#### Collected material:
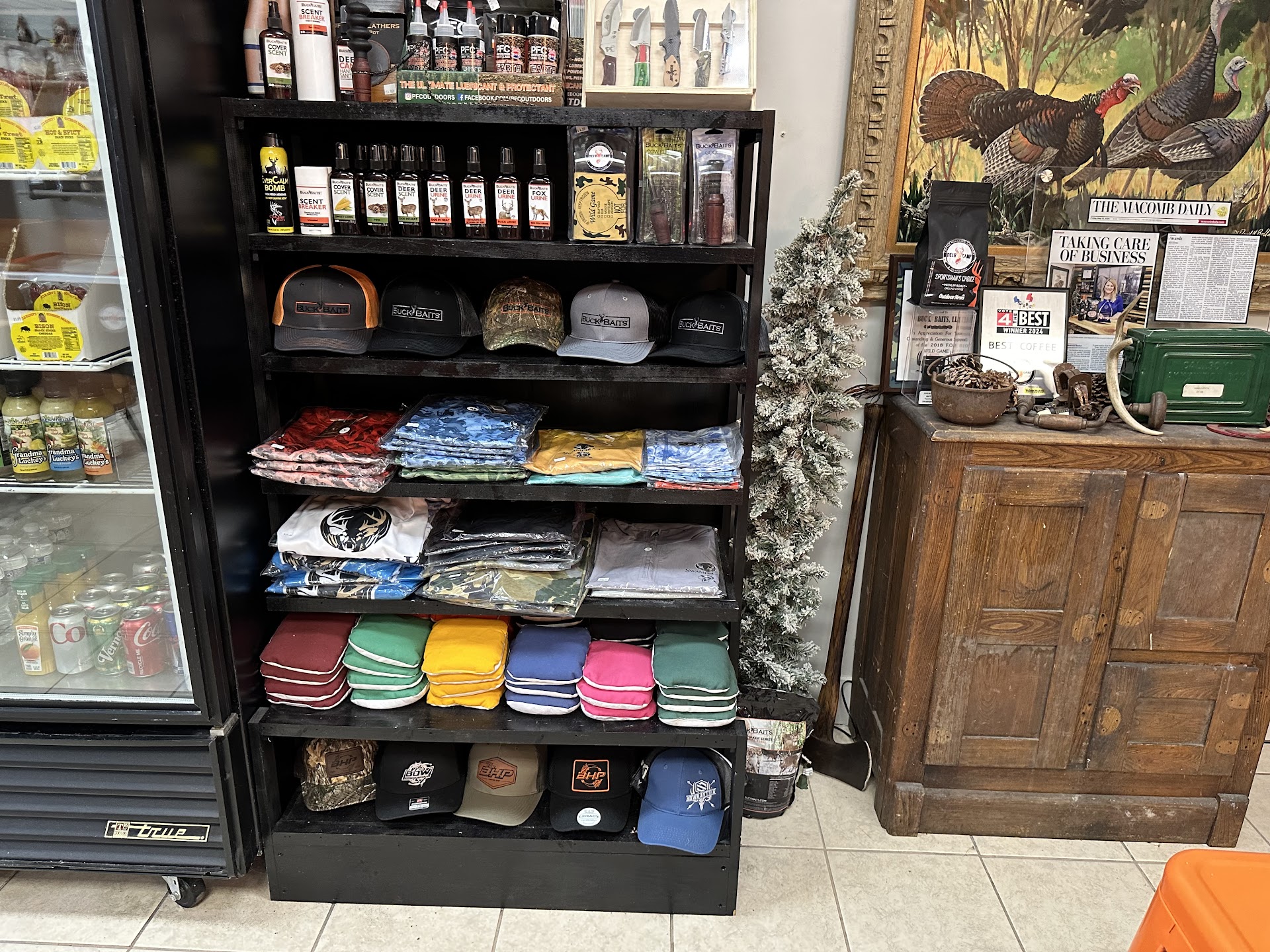 If you are into hunting, well look no more. There are gifts galore for the hunter in your life. I saw knives, deer scent spray, apparel, jerky, you name it, they have it.
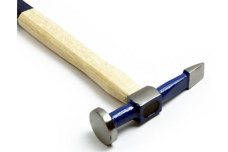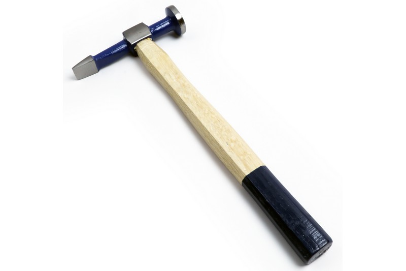 FLAT SHEET METAL HAMMER WITH WOOD HANDLE Length: 320mm Hammer length: 140mm Flat head width: 22mm Round head diameter: 35mm Handle width: 30mm Weight: 485g
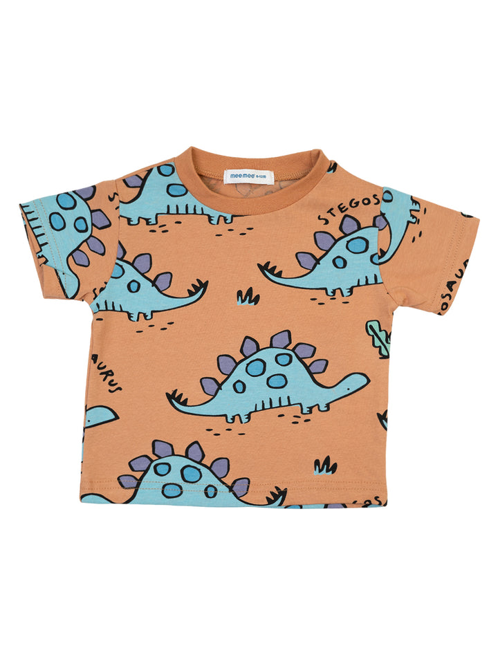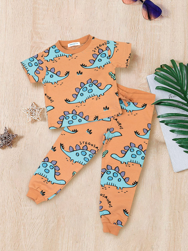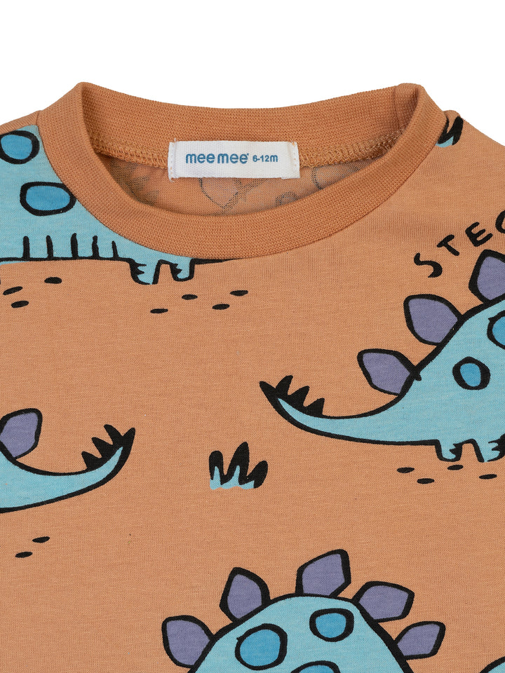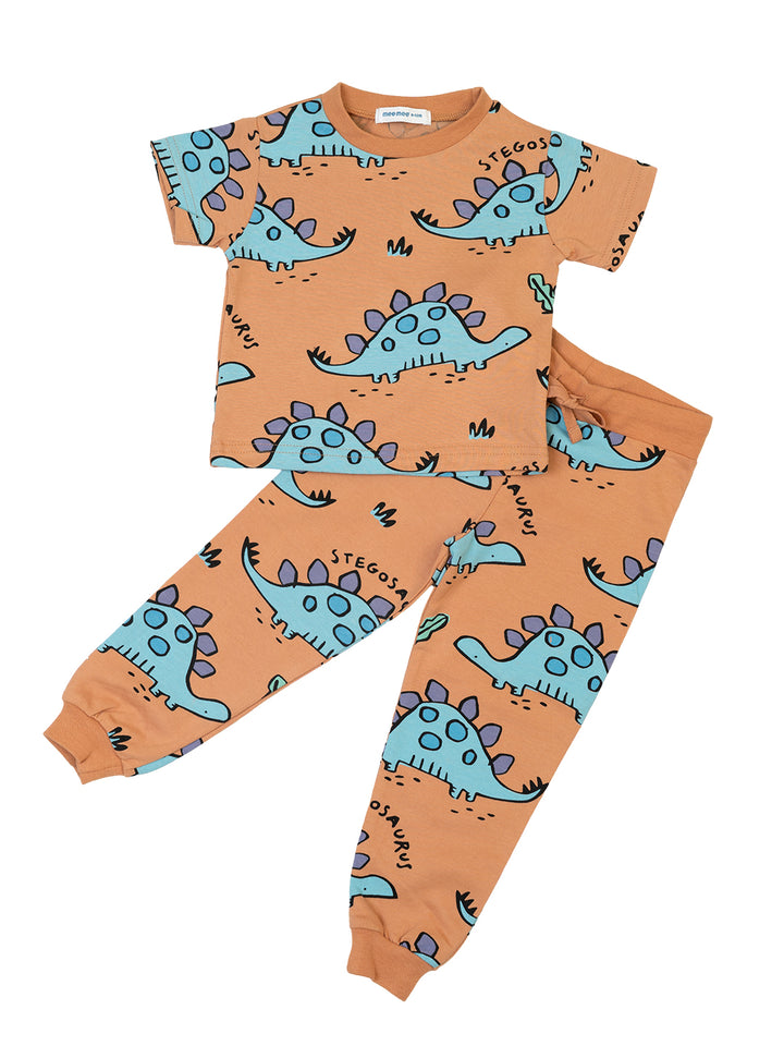 MEEMEE Adorable Toddler Pajamas Set with Rust Dinosaur Print
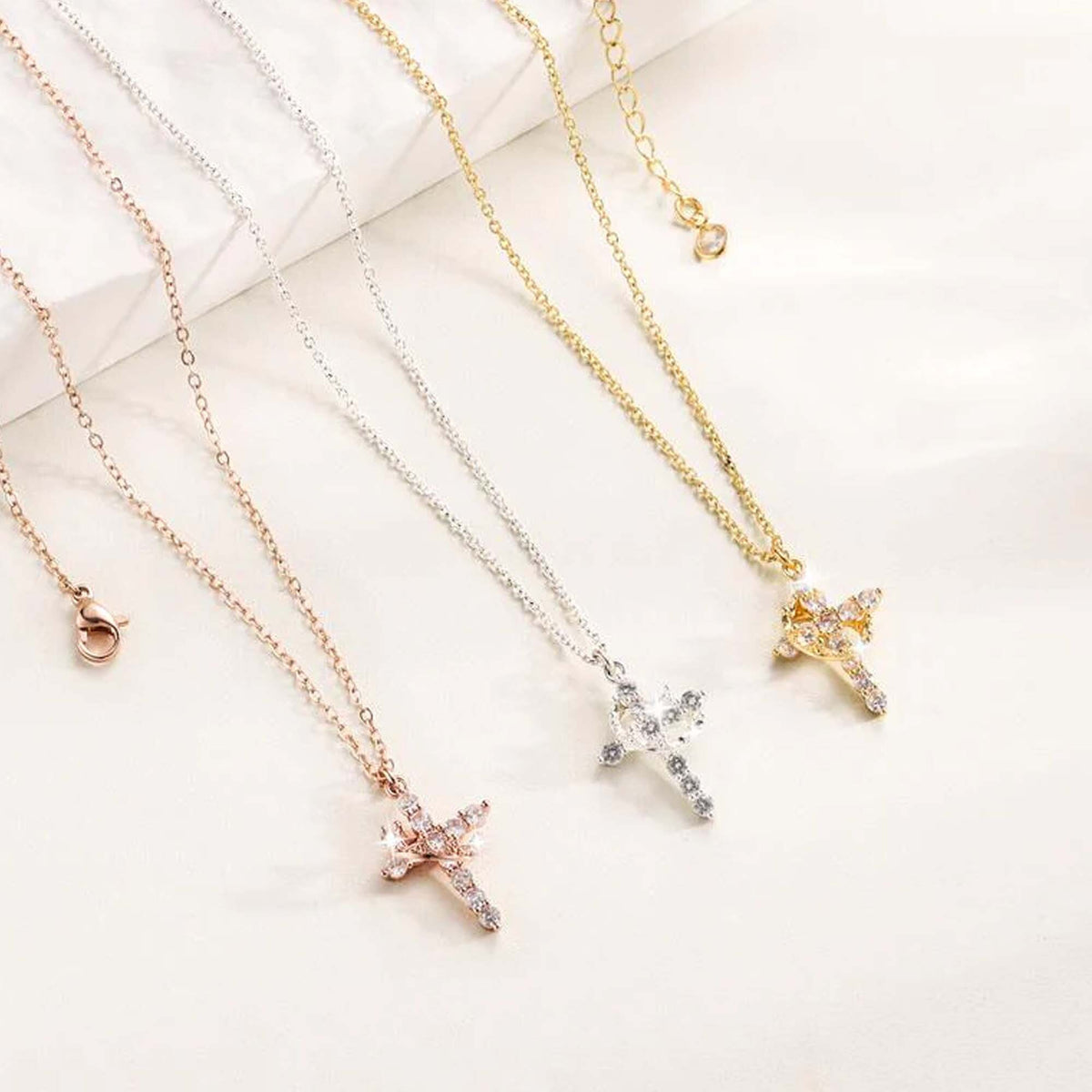 Crafted from 925 sterling silver with rose gold plating. Features a cross and crown pendant set with cubic zirconia. Includes a double-layer cable chain with a 2-inch extension.

#### What needs to be done:
From the line containing "FLAT SHEET METAL" through the last line of the material above, write out each line exactly, leaving aside all pictures.

#### Written response:
 FLAT SHEET METAL HAMMER WITH WOOD HANDLE Length: 320mm Hammer length: 140mm Flat head width: 22mm Round head diameter: 35mm Handle width: 30mm Weight: 485g
 MEEMEE Adorable Toddler Pajamas Set with Rust Dinosaur Print
 Crafted from 925 sterling silver with rose gold plating. Features a cross and crown pendant set with cubic zirconia. Includes a double-layer cable chain with a 2-inch extension.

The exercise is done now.